DIRECTIONS:
Reproduce each line of the following material exactly, omitting the images.

DATASET EXTRACT:
▼

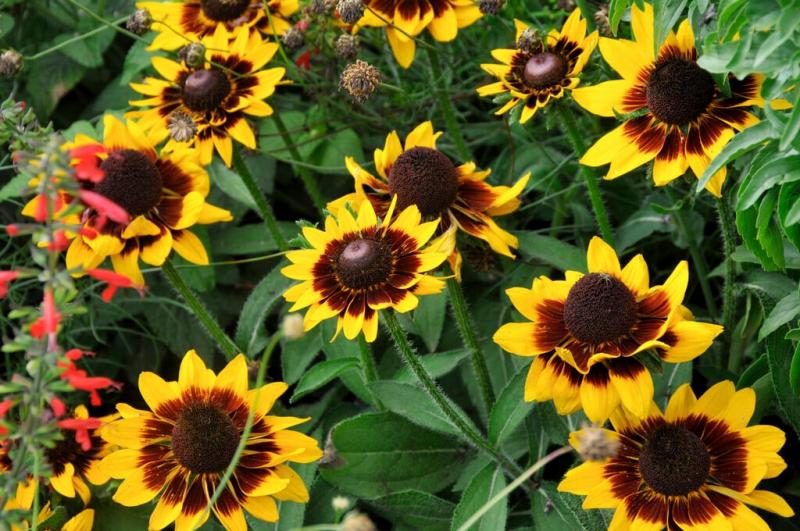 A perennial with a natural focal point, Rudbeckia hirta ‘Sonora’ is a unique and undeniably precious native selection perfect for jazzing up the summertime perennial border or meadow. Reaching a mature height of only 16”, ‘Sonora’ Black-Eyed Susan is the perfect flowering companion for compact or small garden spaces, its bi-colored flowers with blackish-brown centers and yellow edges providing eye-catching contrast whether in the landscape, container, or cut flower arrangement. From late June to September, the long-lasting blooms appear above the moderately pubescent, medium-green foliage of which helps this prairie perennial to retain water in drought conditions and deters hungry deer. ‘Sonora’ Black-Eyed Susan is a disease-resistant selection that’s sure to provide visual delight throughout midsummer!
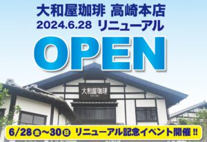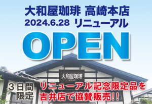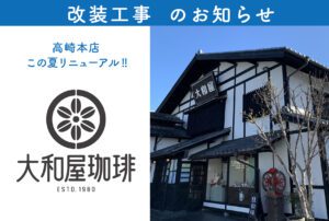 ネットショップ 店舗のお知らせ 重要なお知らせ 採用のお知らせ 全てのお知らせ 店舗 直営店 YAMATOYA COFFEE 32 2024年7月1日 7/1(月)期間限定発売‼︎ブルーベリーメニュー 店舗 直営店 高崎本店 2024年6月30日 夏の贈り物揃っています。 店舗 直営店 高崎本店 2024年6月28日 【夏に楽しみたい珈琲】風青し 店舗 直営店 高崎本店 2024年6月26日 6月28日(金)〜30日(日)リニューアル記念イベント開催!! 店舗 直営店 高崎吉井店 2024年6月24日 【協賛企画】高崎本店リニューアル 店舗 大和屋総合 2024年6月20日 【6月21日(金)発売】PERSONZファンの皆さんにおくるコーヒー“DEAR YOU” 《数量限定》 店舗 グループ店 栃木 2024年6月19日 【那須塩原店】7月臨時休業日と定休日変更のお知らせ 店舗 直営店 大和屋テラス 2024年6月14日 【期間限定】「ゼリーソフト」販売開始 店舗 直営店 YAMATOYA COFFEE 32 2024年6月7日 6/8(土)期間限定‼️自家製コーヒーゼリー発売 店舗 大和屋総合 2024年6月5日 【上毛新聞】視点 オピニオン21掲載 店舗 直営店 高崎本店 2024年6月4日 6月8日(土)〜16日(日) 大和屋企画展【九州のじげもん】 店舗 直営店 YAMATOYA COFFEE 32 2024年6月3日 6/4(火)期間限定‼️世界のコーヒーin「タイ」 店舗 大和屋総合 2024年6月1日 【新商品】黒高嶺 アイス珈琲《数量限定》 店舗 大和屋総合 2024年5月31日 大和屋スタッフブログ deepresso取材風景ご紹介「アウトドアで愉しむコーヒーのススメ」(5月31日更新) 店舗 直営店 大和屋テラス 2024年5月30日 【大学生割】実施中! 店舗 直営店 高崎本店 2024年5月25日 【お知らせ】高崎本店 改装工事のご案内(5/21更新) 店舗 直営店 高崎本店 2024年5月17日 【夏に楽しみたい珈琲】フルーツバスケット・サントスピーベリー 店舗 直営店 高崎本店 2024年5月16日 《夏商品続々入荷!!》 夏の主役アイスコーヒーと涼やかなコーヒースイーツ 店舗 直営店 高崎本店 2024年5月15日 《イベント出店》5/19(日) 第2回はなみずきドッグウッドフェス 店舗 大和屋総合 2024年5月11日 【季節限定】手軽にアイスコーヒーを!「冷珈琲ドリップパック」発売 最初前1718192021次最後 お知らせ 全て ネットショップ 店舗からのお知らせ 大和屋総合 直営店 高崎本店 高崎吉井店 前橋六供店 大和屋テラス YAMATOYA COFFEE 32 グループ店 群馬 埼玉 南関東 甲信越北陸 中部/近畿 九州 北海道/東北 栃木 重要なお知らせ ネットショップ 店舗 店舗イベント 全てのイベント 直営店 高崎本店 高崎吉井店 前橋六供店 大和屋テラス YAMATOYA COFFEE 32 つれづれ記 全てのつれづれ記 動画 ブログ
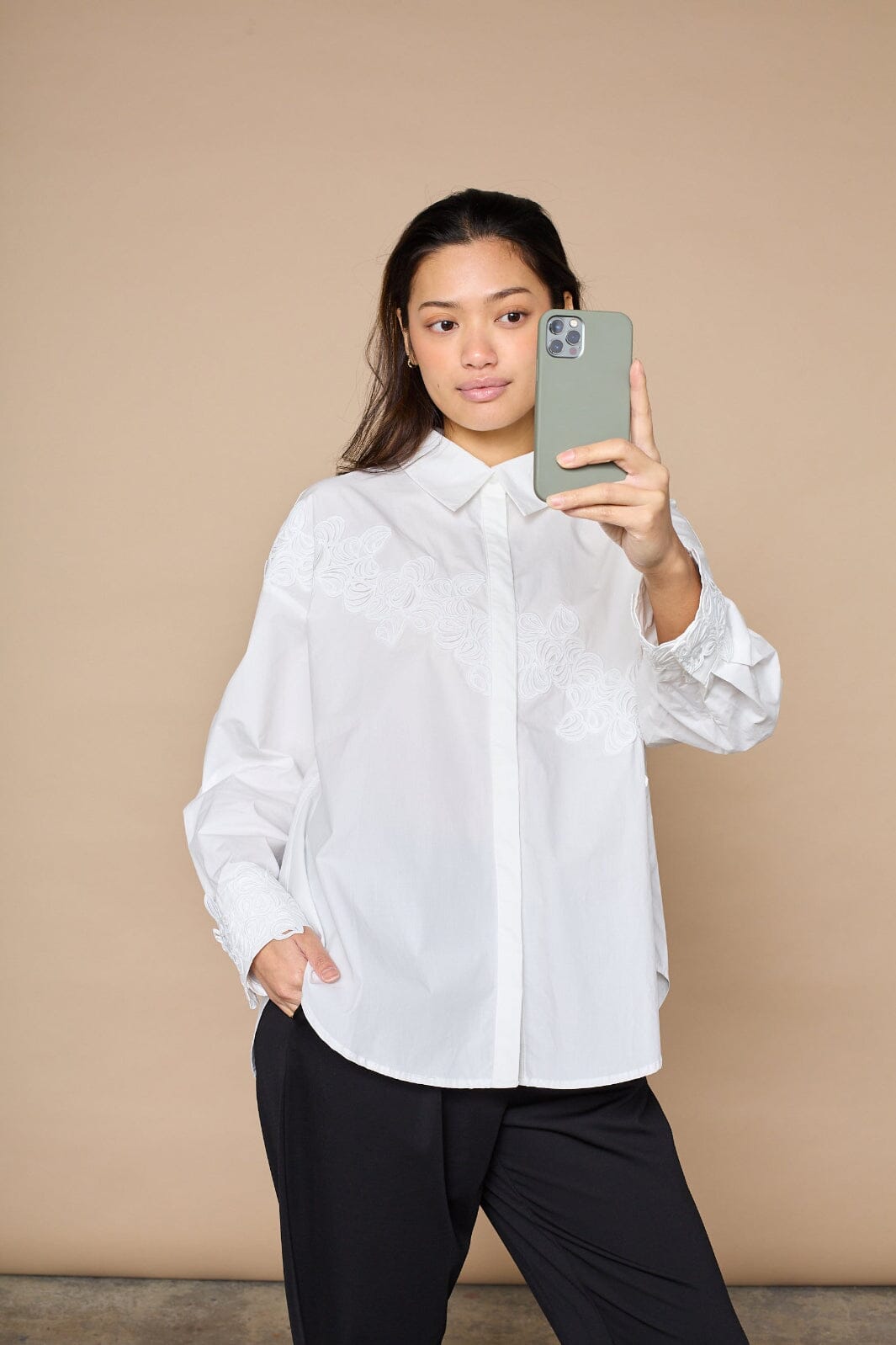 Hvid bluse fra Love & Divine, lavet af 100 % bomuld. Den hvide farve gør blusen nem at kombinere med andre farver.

▲

SOLVED EXERCISE:
 A perennial with a natural focal point, Rudbeckia hirta ‘Sonora’ is a unique and undeniably precious native selection perfect for jazzing up the summertime perennial border or meadow. Reaching a mature height of only 16”, ‘Sonora’ Black-Eyed Susan is the perfect flowering companion for compact or small garden spaces, its bi-colored flowers with blackish-brown centers and yellow edges providing eye-catching contrast whether in the landscape, container, or cut flower arrangement. From late June to September, the long-lasting blooms appear above the moderately pubescent, medium-green foliage of which helps this prairie perennial to retain water in drought conditions and deters hungry deer. ‘Sonora’ Black-Eyed Susan is a disease-resistant selection that’s sure to provide visual delight throughout midsummer!
 ネットショップ 店舗のお知らせ 重要なお知らせ 採用のお知らせ 全てのお知らせ 店舗 直営店 YAMATOYA COFFEE 32 2024年7月1日 7/1(月)期間限定発売‼︎ブルーベリーメニュー 店舗 直営店 高崎本店 2024年6月30日 夏の贈り物揃っています。 店舗 直営店 高崎本店 2024年6月28日 【夏に楽しみたい珈琲】風青し 店舗 直営店 高崎本店 2024年6月26日 6月28日(金)〜30日(日)リニューアル記念イベント開催!! 店舗 直営店 高崎吉井店 2024年6月24日 【協賛企画】高崎本店リニューアル 店舗 大和屋総合 2024年6月20日 【6月21日(金)発売】PERSONZファンの皆さんにおくるコーヒー“DEAR YOU” 《数量限定》 店舗 グループ店 栃木 2024年6月19日 【那須塩原店】7月臨時休業日と定休日変更のお知らせ 店舗 直営店 大和屋テラス 2024年6月14日 【期間限定】「ゼリーソフト」販売開始 店舗 直営店 YAMATOYA COFFEE 32 2024年6月7日 6/8(土)期間限定‼️自家製コーヒーゼリー発売 店舗 大和屋総合 2024年6月5日 【上毛新聞】視点 オピニオン21掲載 店舗 直営店 高崎本店 2024年6月4日 6月8日(土)〜16日(日) 大和屋企画展【九州のじげもん】 店舗 直営店 YAMATOYA COFFEE 32 2024年6月3日 6/4(火)期間限定‼️世界のコーヒーin「タイ」 店舗 大和屋総合 2024年6月1日 【新商品】黒高嶺 アイス珈琲《数量限定》 店舗 大和屋総合 2024年5月31日 大和屋スタッフブログ deepresso取材風景ご紹介「アウトドアで愉しむコーヒーのススメ」(5月31日更新) 店舗 直営店 大和屋テラス 2024年5月30日 【大学生割】実施中! 店舗 直営店 高崎本店 2024年5月25日 【お知らせ】高崎本店 改装工事のご案内(5/21更新) 店舗 直営店 高崎本店 2024年5月17日 【夏に楽しみたい珈琲】フルーツバスケット・サントスピーベリー 店舗 直営店 高崎本店 2024年5月16日 《夏商品続々入荷!!》 夏の主役アイスコーヒーと涼やかなコーヒースイーツ 店舗 直営店 高崎本店 2024年5月15日 《イベント出店》5/19(日) 第2回はなみずきドッグウッドフェス 店舗 大和屋総合 2024年5月11日 【季節限定】手軽にアイスコーヒーを!「冷珈琲ドリップパック」発売 最初前1718192021次最後 お知らせ 全て ネットショップ 店舗からのお知らせ 大和屋総合 直営店 高崎本店 高崎吉井店 前橋六供店 大和屋テラス YAMATOYA COFFEE 32 グループ店 群馬 埼玉 南関東 甲信越北陸 中部/近畿 九州 北海道/東北 栃木 重要なお知らせ ネットショップ 店舗 店舗イベント 全てのイベント 直営店 高崎本店 高崎吉井店 前橋六供店 大和屋テラス YAMATOYA COFFEE 32 つれづれ記 全てのつれづれ記 動画 ブログ
 Hvid bluse fra Love & Divine, lavet af 100 % bomuld. Den hvide farve gør blusen nem at kombinere med andre farver.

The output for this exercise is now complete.